Langkah ini ditandai dengan kunjungan kerja ke kantor PT Pelabuhan Indonesia (Persero) Regional 4 di Makassar, Selasa (28/4/2026).

Pertemuan tersebut menjadi ajang sinkronisasi antara pemerintah daerah dan operator pelabuhan nasional dalam mempercepat pembangunan infrastruktur maritim, khususnya di Kalimantan Timur yang tengah tumbuh sebagai kawasan industri dan perdagangan.

Sekretaris Daerah Bontang, Akhmad Suharto, menegaskan bahwa pengembangan pelabuhan menjadi prioritas strategis daerah untuk memperkuat konektivitas logistik nasional sekaligus meningkatkan daya saing ekonomi.

“Pelabuhan adalah urat nadi distribusi. Kami ingin memastikan Bontang punya peran kuat dalam jaringan logistik nasional. Kunjungan ini membuka peluang investasi dan kerja sama strategis dengan Pelindo,” ujarnya.

Gayung bersambut, Executive Director 4 Pelindo Regional 4, Abdul Azis, menyatakan kesiapan pihaknya untuk bersinergi mengembangkan pelabuhan yang modern, efisien, dan berstandar global.

“Pelindo siap mendukung penuh inisiatif ini. Kolaborasi dengan pemerintah daerah menjadi kunci menghadirkan pelabuhan yang kompetitif dan berkelanjutan,” katanya.
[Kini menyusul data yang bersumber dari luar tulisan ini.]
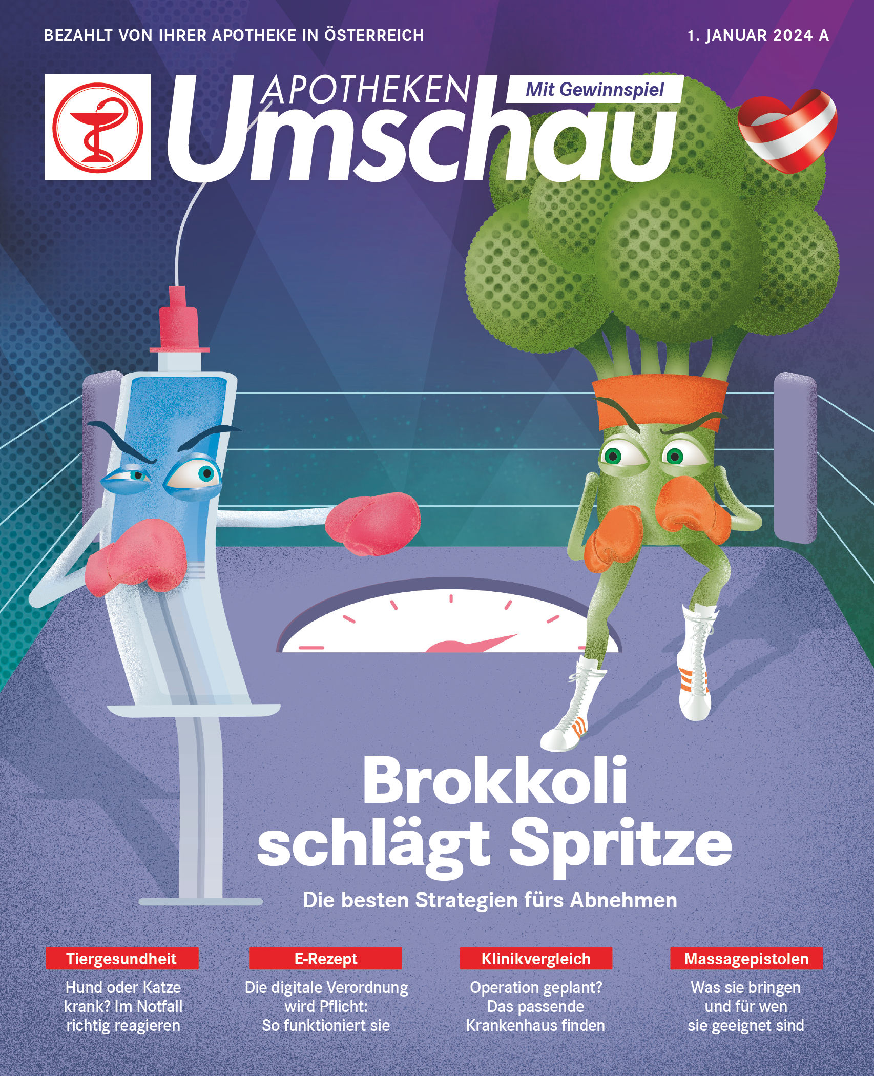 Diese Meldung ist nur mit Quellenangabe zur Veröffentlichung frei. Das Gesundheitsmagazin "Apotheken Umschau" 1A/2024 ist aktuell in den meisten Apotheken auch in Österreich erhältlich. Viele weitere interessante Gesundheits-News gibt es unter https://www.apotheken-umschau.de sowie auf Facebook, Instagram und YouTube.

Dalam pertemuan tersebut, kedua pihak juga menggelar diskusi teknis dan pemaparan peluang investasi, mulai dari pengembangan infrastruktur dasar hingga potensi kerja sama jangka panjang.

Fokusnya tidak sekadar pembangunan fisik, tetapi juga bagaimana pelabuhan dapat berfungsi sebagai mesin pertumbuhan ekonomi baru.

Division Head Komersial Pelindo Regional 4, Adi Novi Wahyudi, menambahkan bahwa pihaknya terus membuka ruang kolaborasi dengan berbagai pihak untuk mengoptimalkan potensi pelabuhan.

“Sinergi adalah bahan bakar utama. Dengan perencanaan yang matang, pelabuhan bisa menjadi pusat ekonomi yang hidup, bukan sekadar titik bongkar muat,” jelasnya.

Pertemuan ini menjadi langkah awal menuju kerja sama strategis antara Pemkot Bontang dan Pelindo Regional 4.

Jika terealisasi, pengembangan pelabuhan di Bontang diharapkan tidak hanya memperlancar arus logistik, tetapi juga mengangkat posisi daerah sebagai salah satu gerbang ekonomi penting di Indonesia timur.